══ Data extract
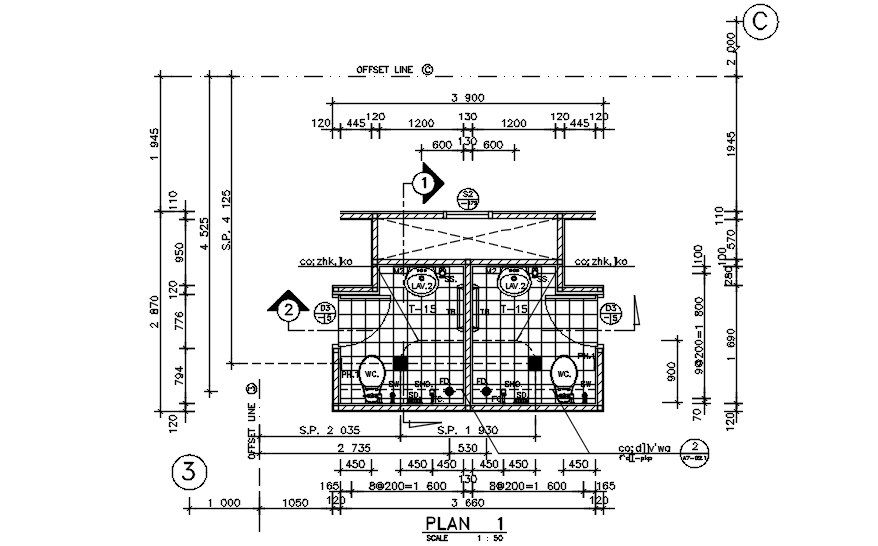 Autocad 2D DWG drawing file show the details of the Toilet plan of the hospital building. Lavatory, water closets and doors are specified here. Other details were given with the measurements. All dimensions are in mm. Download the Autocad drawing file. Thank you for downloading the autocad file and other CAD program from the our cadbull website.
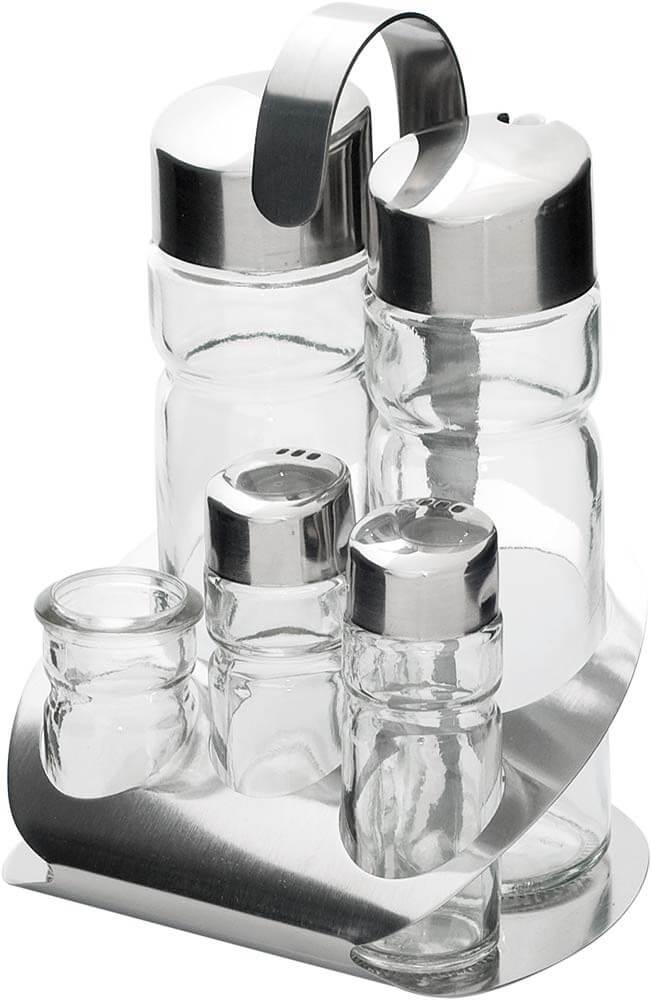 - pojemniki na przyprawy, solniczka, pieprzniczka, pojemnik na wykałaczki, 2 pojemniki na przyprawy płynne
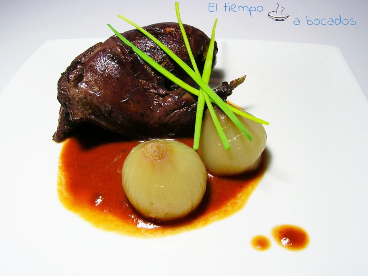 Podemos acompañar la carne, con unas cebollas pequeñas o con unas cebollitas francesas, que guisaremos a la par que nuestra perdiz, o aparte con un poco de agua y otro chorro de Oporto.
════
> **Task brief**: Set the entire listing down again, exact in every line, without any pictures.

> **Exercise output**:
 Autocad 2D DWG drawing file show the details of the Toilet plan of the hospital building. Lavatory, water closets and doors are specified here. Other details were given with the measurements. All dimensions are in mm. Download the Autocad drawing file. Thank you for downloading the autocad file and other CAD program from the our cadbull website.
 - pojemniki na przyprawy, solniczka, pieprzniczka, pojemnik na wykałaczki, 2 pojemniki na przyprawy płynne
 Podemos acompañar la carne, con unas cebollas pequeñas o con unas cebollitas francesas, que guisaremos a la par que nuestra perdiz, o aparte con un poco de agua y otro chorro de Oporto.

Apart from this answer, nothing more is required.